Slowly, I did. My first decent poems imagined parts of my mother’s life. What I guessed about her feelings. I wrote about being her daughter. I described my father’s voyage from Hong Kong to Brazil by way of Africa. I wrote about Queens. Eventually, I wrote about my own experience of being undocumented. I followed Grennan’s advice: I laid bare the narrative field. My first book, titled Cold Thief Place, reads like a memoir in poems. A memoir was not necessarily my intention, but the book does tell the stories of how my mother frog-leaped from marriage to marriage to defect from China. Of how I muddled through my own marriage, which made me eligible to apply for a green card. Of how two signs, “European only” and “Black only,” at a post office in South Africa baffled my father.

Telling stories allowed for another discovery: just as I fell in love with the raw, fickleness of the English sentence, its straightforward subject-predicate structure began to enchant me, too. I like a brutally direct poem, with unembroidered language and simple, but elegant, syntax. Such a structure means I cannot hide or delay the revelation of things that are painful but true. I laugh when one of my poems emerges especially dark. It’s dark because I was truthful. Sometimes, there is no solace.

Unlike African American poets, we undocumented poets do not hold centuries of literary tradition, with great names like Phillis Wheatley, Lawrence Dunbar, and Gwendolyn Brooks. Among the general population, we cannot identify who is undocumented or a citizen—it is taboo to ask casually what an immigrant’s visa status is, or it should be taboo to ask about such private, life-determining matters. Like the LGBTQIA+ community, we undocumented may or may not be “out” about our status.

Happily, though, there is a “we.” In 2015, three poets formed the Undocupoets, an organization that I now co-run, with two other formerly undocumented poets, Janine Joseph and Marcelo Hernandez Castillo. Our organization awards three $500 fellowships each year to other undocumented poets and raises awareness within and without the literary world. As of this writing, Janine has published two books of poems, most recently Decade of the Brain, and Marcelo has published a book of poems and a memoir, titled Children of the Land. My first book, titled Cold Thief Place, came out in March. So this is a young tradition.

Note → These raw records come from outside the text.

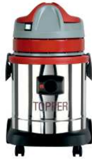
Topper 215/24L NX & HEPA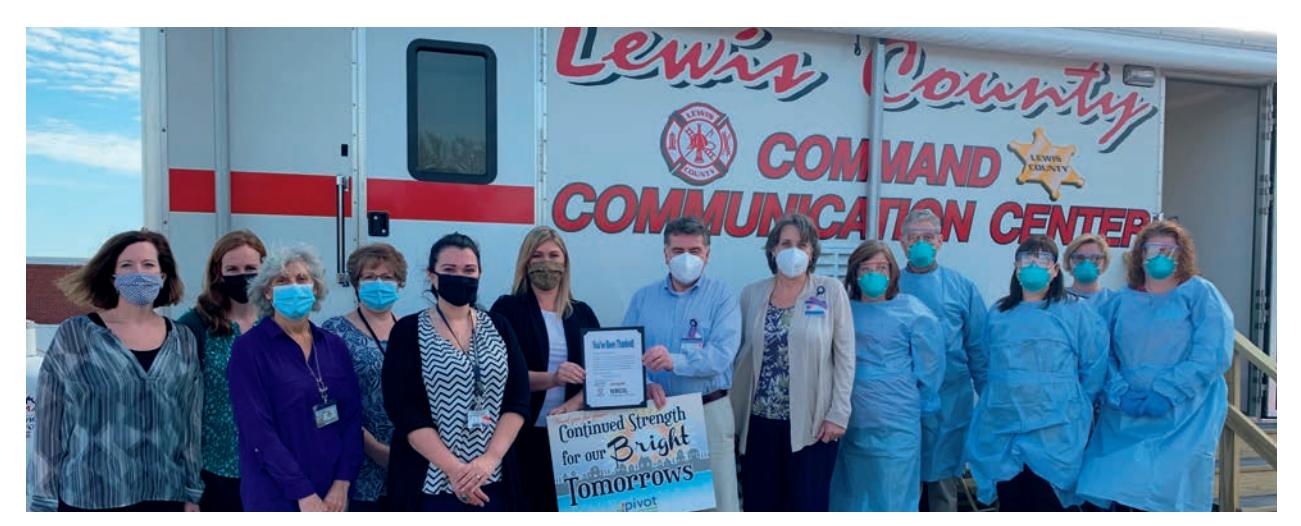
LCPH staff present LCHS team members with a PIVOT Award to recognize the facility for their continued strength and dedication during the 2020 COVID-19 pandemic.

I am confident that with the continued support of our health care team and the community, Lewis County Health System will remain strong and continue to positively impact the health and wellness of the people we serve in Lewis County and throughout the North Country region.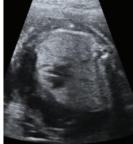
FIGURE 3: Axial scan of the fetal chest: the heart was squeezed by the hyperechoic lungs.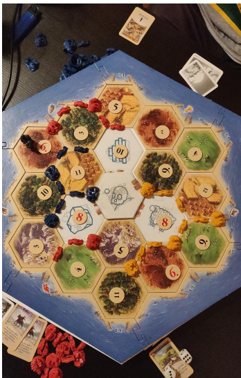
Figure 1: Hybrid Settlers. Settlers of Catan with four dynamic tiles.

Walther Jensen Aalborg University Aalborg, Denmark bwsj@create.aau.dk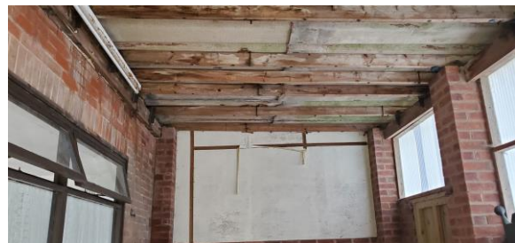
14 Internal view of garage addition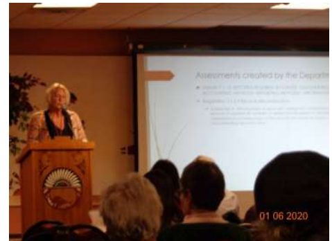
New Mexico Update Presenter: NMTRD Representative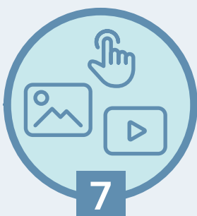
7 Identify Interactivity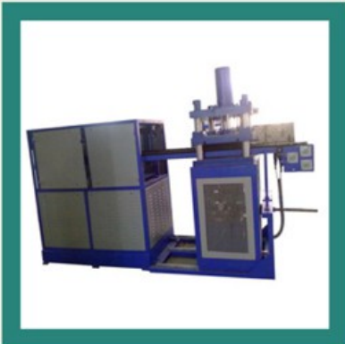
Automatic Vacuum Forming Machines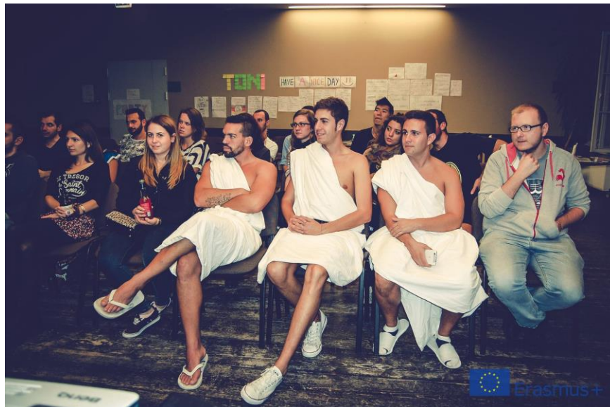
4: thinking about new ideas

The ideas presented below are given in a random order and not according to the points given by the board of decision makers.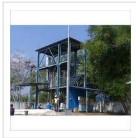
Standard Industrial Evaporators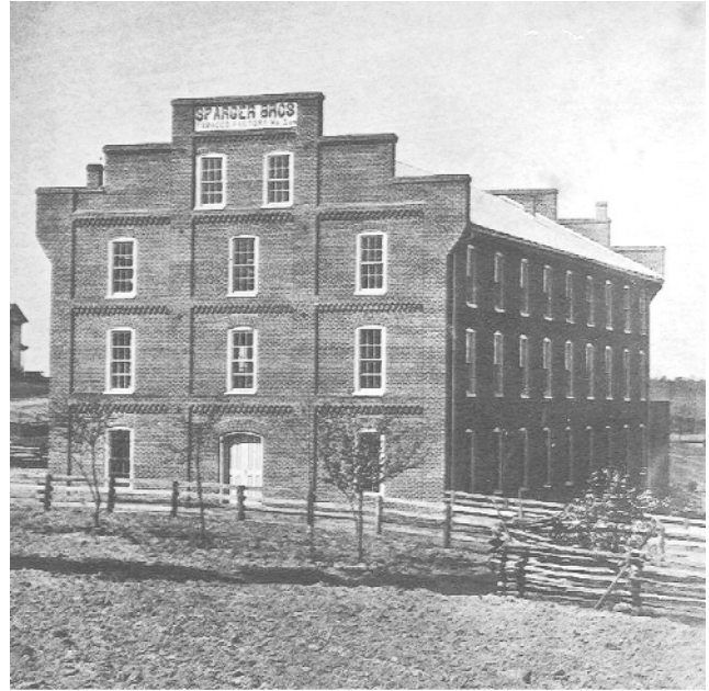
Sparger Brothers tobacco warehouse, Mount Airy, NC.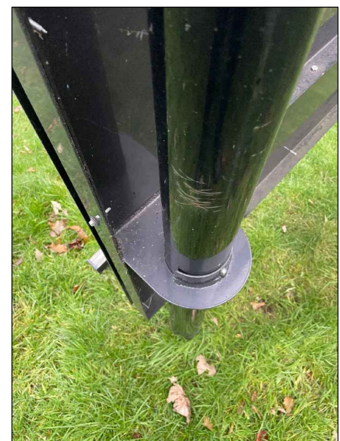
Photo of end column support bracket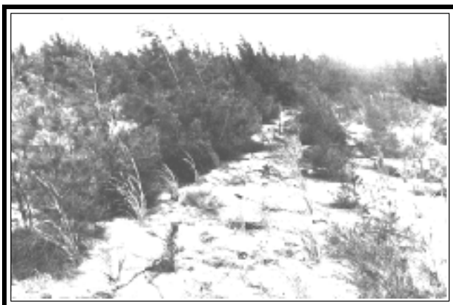
China, Guangdong Province: A coastal area subjected to highwinds. Here vetiver has been planted between casurina trees on sand dunes close to the sea to help reduce wind erosion. Photo at right is a close up of well grown vetiver on beach sand.

Our other work is ensuring that undocumented people and citizens know of this tradition. We don’t wish to pass as simply American, as if we do not hold a uniquely American story. Rather, we wish to help archive undocumented art, because we are a fundamental part of this country’s history. And we wish to let undocumented writers know that they too are part of a we (if they wish); and that our community is larger than we think. We are vocal; we are present.